Dr. Harold Soodak |
24 December 1920 - 30 September 2008 |
Harry Soodak worked at the Manhattan Project at Oak Ridge National Laboratory where he gave courses in nuclear physics and reactor theory. In 1945 Harry Soodak and Eugene Wigner published the first design of a sodium-cooled breeder reactor. In 1949 Soodak joined the Physics Department of his alma mater, CCNY where he was widely admired for the brilliance and depth of his understanding of the worlds of physics and mathematics, receiving an Outstanding Teacher Award in 1987. He retired in 1992. Soodak and Iberall had a close connection, having met in college at CCNY. They talked together, sometimes on a daily basis, developing the principles of homeokinetics. This work is seen in their papers together, especially the 1978 paper in Science that outlined five propositions that bridge the levels of natural phenomenon making up complex systems.

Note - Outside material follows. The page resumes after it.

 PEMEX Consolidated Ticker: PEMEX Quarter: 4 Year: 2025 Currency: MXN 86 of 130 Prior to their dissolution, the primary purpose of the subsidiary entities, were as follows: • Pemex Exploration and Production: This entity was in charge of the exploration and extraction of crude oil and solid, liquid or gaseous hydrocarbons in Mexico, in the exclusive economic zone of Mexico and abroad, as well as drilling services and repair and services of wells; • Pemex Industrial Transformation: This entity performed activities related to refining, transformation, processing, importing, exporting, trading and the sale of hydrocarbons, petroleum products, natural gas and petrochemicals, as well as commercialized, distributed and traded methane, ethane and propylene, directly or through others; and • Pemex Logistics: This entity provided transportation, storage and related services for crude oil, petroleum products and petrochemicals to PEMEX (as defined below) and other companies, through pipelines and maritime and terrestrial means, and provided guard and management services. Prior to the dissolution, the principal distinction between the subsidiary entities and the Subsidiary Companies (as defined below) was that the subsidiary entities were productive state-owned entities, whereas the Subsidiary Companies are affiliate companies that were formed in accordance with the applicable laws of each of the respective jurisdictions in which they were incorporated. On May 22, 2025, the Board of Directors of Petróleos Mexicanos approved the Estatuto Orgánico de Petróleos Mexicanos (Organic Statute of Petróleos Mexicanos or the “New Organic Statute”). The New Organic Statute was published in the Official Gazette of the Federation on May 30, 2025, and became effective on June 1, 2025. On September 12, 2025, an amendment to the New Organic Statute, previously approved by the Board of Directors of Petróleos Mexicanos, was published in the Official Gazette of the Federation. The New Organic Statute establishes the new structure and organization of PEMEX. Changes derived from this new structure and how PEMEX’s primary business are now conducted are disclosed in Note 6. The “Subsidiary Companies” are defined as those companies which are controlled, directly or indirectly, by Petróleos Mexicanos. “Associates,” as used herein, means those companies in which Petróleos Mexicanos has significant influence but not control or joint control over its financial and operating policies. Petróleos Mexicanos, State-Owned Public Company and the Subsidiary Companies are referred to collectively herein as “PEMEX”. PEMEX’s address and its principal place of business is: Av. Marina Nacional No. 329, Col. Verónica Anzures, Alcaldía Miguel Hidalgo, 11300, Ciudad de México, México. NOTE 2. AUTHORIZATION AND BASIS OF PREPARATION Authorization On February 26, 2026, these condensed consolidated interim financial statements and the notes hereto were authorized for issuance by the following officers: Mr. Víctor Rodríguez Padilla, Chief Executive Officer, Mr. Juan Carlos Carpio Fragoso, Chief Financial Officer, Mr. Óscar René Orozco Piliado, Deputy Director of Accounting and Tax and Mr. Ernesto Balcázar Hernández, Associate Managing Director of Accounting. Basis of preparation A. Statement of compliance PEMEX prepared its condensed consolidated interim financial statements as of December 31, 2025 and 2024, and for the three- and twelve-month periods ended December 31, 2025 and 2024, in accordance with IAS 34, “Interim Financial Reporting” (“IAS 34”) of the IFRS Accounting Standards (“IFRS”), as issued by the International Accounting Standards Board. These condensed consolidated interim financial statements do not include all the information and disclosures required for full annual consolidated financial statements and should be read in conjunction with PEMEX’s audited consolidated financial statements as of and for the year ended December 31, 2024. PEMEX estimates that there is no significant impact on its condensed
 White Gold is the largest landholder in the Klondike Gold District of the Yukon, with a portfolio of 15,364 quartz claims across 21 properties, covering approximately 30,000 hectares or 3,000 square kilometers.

"Homeokinesis is a required extension of thermodynamics/statistical mechanics to systems which are too complex to describe by one or several equation sets. Of necessity, it is less mathematical than standard thermodynamics, and emphasizes a set of physically based fundamental principles and processes, and a strategy of using these principles and processes to describe and understand the behaviors of the complex systems.
"It treats all complex systems on an equal footing, animate and inanimate, thus providing a common viewpoint for all systems. One simple example is that of modes of behavior; every complex system operates via a set of behavioral modes that characterize the system. A more involved example is that of language; every complex system, animate or not, conscious or not, uses language. Homeokinetic physics contains an objective definition of the concept of language, applicable to all complex systems.
"It is applicable, and has been applied by Iberall and colleagues, to geological and biological evolution of our planet, to the operation of individual biological organisms as complex as mammals, including humans, and to the operation of human societies at all stages of our history."